Тронули до Володи Анохина. Чаща все гуще. Дорога уж сливалась, когда ушли за Гремячкино. А пошли зелеными тоннелями, тут и вовсе не видно ничего. Забились куда-то в болото, насилу вылезли. Присели на бугорке, закурили. Разговор перескакивал по случайным темам: рожь дешева стала: взяточников много, что и прежде; утки перевелись и т. д., и т. д. Насчет шяточничества и пример привел Борис Федорыч.
- В Дешевках мужик есть. Умный мужик. Ну и хитрый. Самогонку-то он гнал, это верно, а сам, значит, слесарем был. Стамески там разные, гвозди, молотки на дому - инструмент всякий, и трубки к тому же разные. А милиционер Бобров уж такой был жулик, что уж, господи, извини! Со всех по четыре шкуры драл. И задумал мужичок этот изловить Боброва. А как ты его изловишь - ловок, каналья. Позвал он троих таких же мужичков. "Подошлите, - говорит, - Боброва, скажите, что самогонку гоню". Явился Бобров. Ночью. И трубочки эти самые нашел. "Ага, - говорит, - подлец, ты самогонку гнать, честной народ спаивать, советскую власть подрывать?! Я, - говорит, - тебя, подлеца в тюрьме теперь сгною за такое дело"… Ну, повел… А тот ему сначала, Боброву-то: "Прости да помилуй, не стану больше". Притворился, значит. "Не пущу! Не могу пустить такого подлеца! - кричит Бобров. - На то мы и власть сторожим!" Ну, ведет. А мужичок ему дорогой пакет. Взял Бобров, перевернул с ладони на ладонь. "Сколько?" - говорит. - "Пятьсот миллионов"… - "Не врешь?" - "Ей-богу, нет"… - "Ну, ступай, подлец. Считать не буду. А ежели обманул - смотри у меня, спокаешься!.." Как это только он от Боброва, мужик-то да в город, да в уголовное… Так и так. "Чем можете доказать?" - спрашивают. - "А я, - говорит, - ему пятьсот дал вот такими-то деньгами, и вот они все номера денежные у меня переписаны, а копии у таких-то вот троих мужиков есть"… Все тут дело это и раскрылось… Посадили Боброва. Сидит. Суд скоро… Вот они дела-то какие бывают, - посмотрел на меня Борис Федорыч через очки, - каковы!
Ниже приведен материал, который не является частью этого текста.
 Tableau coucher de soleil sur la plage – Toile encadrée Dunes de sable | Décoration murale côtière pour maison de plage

- Ловко, - говорю, - очень ловко.
Мы присели на пригорочек, где было посуше, закурили. Борис Федорыч покуривал только чужой, своего не покупал принципиально - чтобы не приучиться вовсе, как говаривал он, и ухитрялся ежедневно за последние четыре-пять годов выкуривать по десятку папиросок у разных знакомых. Покуривши, тронулись дальше. "Тут рядом", - заявил он. Это "рядом" едва не заставило нас заночевать в лесу. Шли-шли по тропинке. Глушь невероятная. Гляжу, мой отец Пафнутий начинает заглядывать на небо, приподымается зачем-то на-цыпочки, взглядывает поверх очков, озирается по сторонам. Вижу - дело неладно, заплутались. Так и есть.
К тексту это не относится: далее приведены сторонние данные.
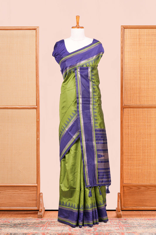 Green Art Silk Saree Body Plain With Retta Petta Border Intricate Geometric Dimond Motifs In Pallu With Contrast Blouse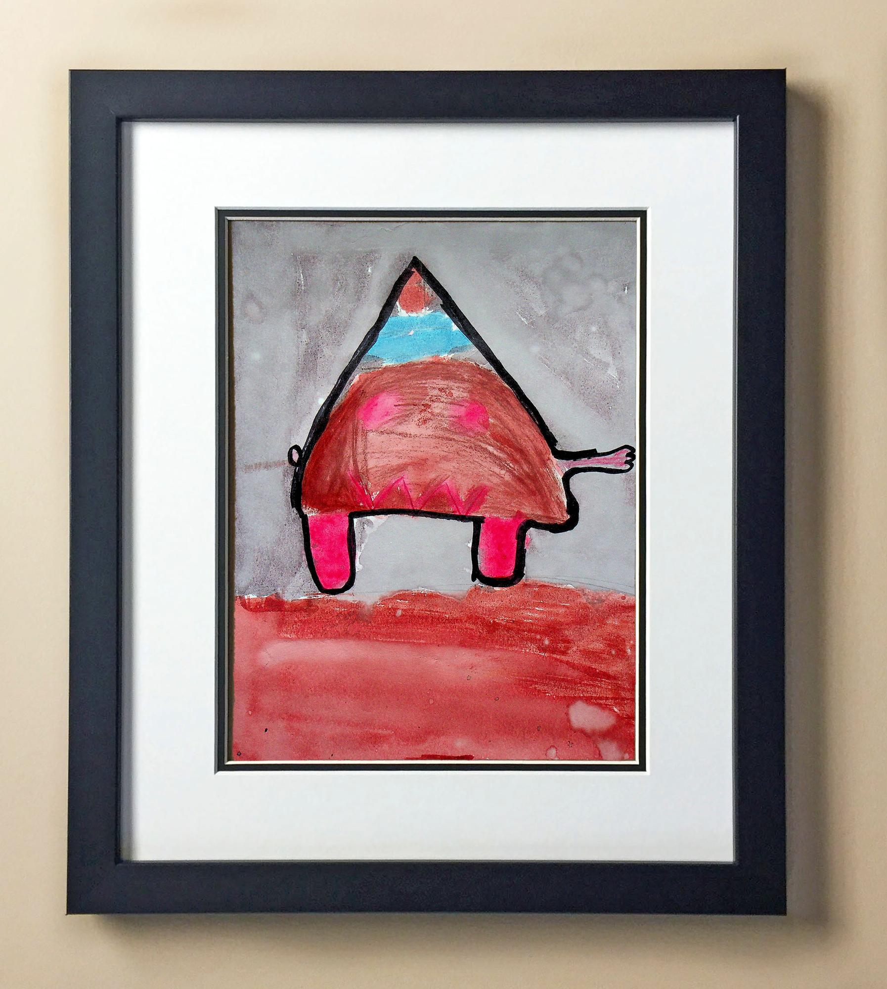Included with the purchase is the Students Artwork, Frame, double matboard, shatter proof plexiglass, and a ready to hang backerboard with turnbuttons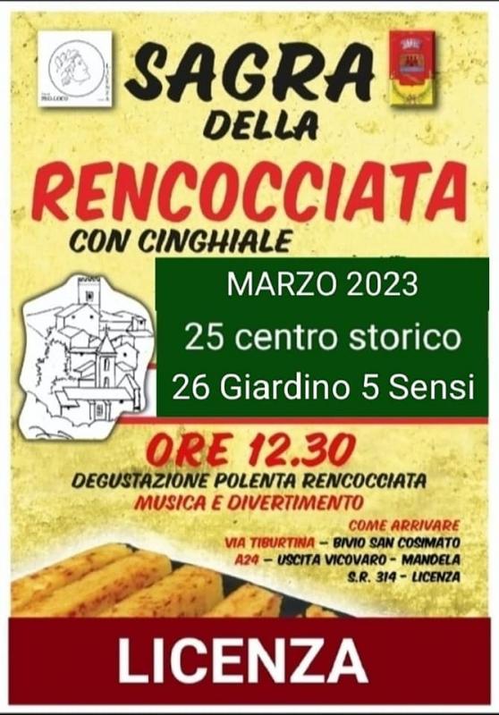 25 e 26 Marzo 2023 la Sagra della polenta rencocciata organizzata, come ogni anno, dalla Pro loco di Licenza, delizioso borgo sito a circa 50 km da Roma e immerso nel verde del Parco Regionale Naturale dei Monti Lucretili.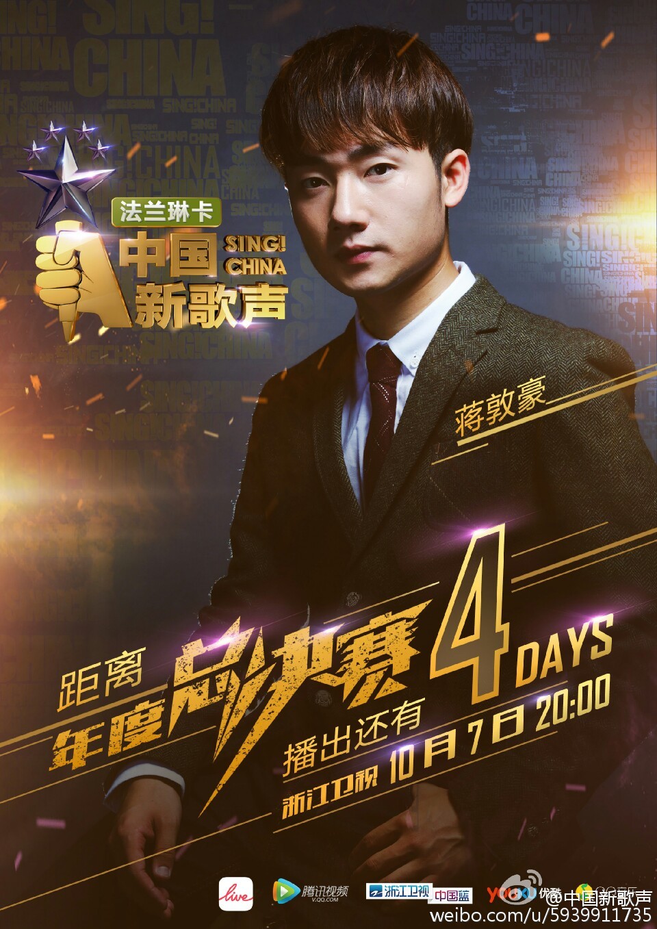 #中國新歌聲##10.7新歌聲總決賽#倒計時4天,獻上你們愛的蔣敦豪~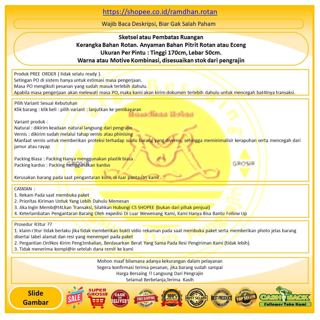 Sekat Rotan 4 Pintu - Sekat Ruangan Pintu 4 Keping Bahan Rotan - Skat Rotan 4 Daun Pintu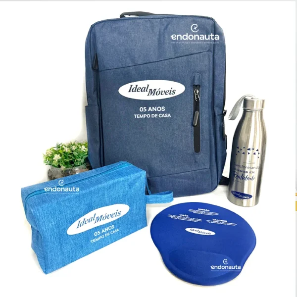 Valorize sua equipe com o Kit Ideal! Inclui mochila para notebook, garrafa inox, mousepad e necessaire. O brinde corporativo perfeito para unir produtividade, conforto e organização.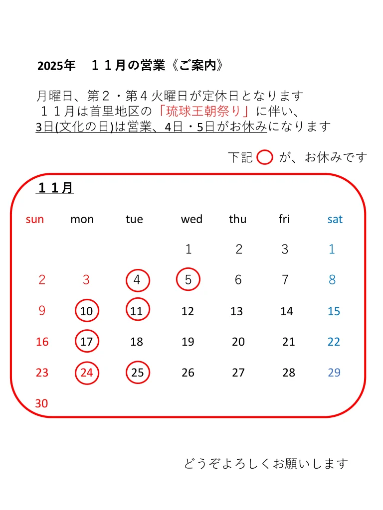 2025年11月の営業《ご案内》
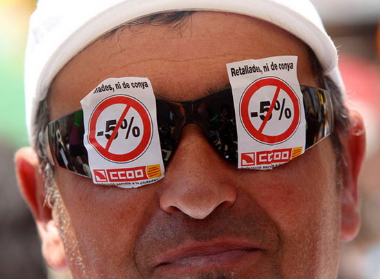 在巴塞罗那,一名男子在他的太阳镜上贴上了抗议政府将公共机构雇员工资下调5%的小标语。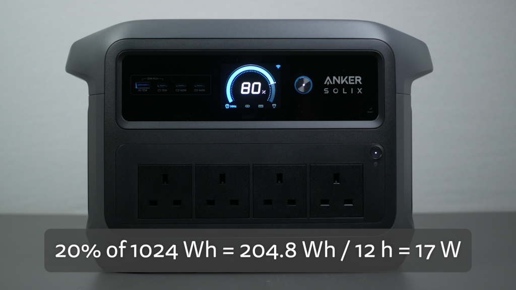 AC inverters can use a fair bit of power even when they have no load attached. By default the Anker turns off its inverter after 15 minutes when it’s not in use or using below 20W. But I turned off Smart AC Output Mode to test the parasitic drain. Starting with 100% charge I left it overnight for 12 hours with no load attached.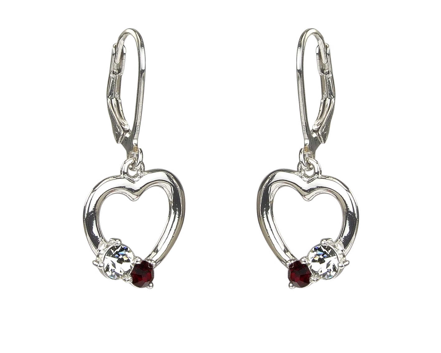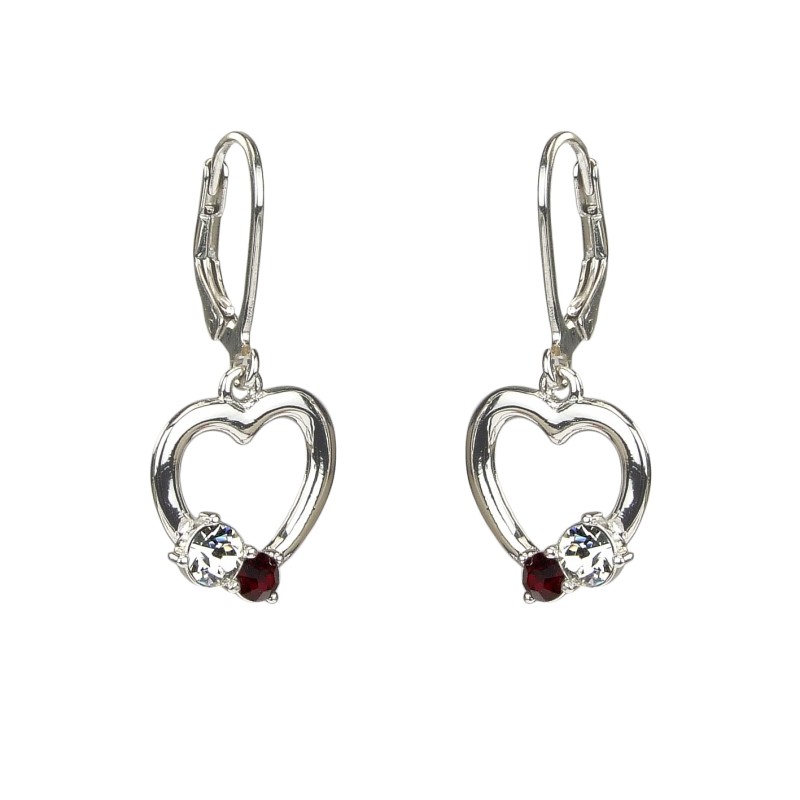 Traveller Drop Earrings - Heart Cara - Children - Sterling Silver - Crystal - Red/ White

- А дорога-то не та, - молвил он, - не узнаю. Этих пней не должно быть…
- Значит - поворачивать, - говорю ему. - Откуда, по-вашему, плутню-то повели мы?
- А как покурили - там было все верно.
- До курилки и пойдем.
Но прежде чем повернуть до "курилки", механически, на что-то надеясь, мы прошли вперед добрую версту. Взошла луна. Было довольно светло, и можно было без труда различать лесные тропы. Но все они под лунным светом были однообразны, и, тычась с одной на другую, мы все же не знали, куда идем. Повернули на курилку. У лесного заворота, увидав три огромных ямы, заполненные водой, Борис Федорыч радостно воскликнул:
- Куда же я, кошель худой, повернул! Надо было направо, а я влево ушел. Вот она, сторожка-то!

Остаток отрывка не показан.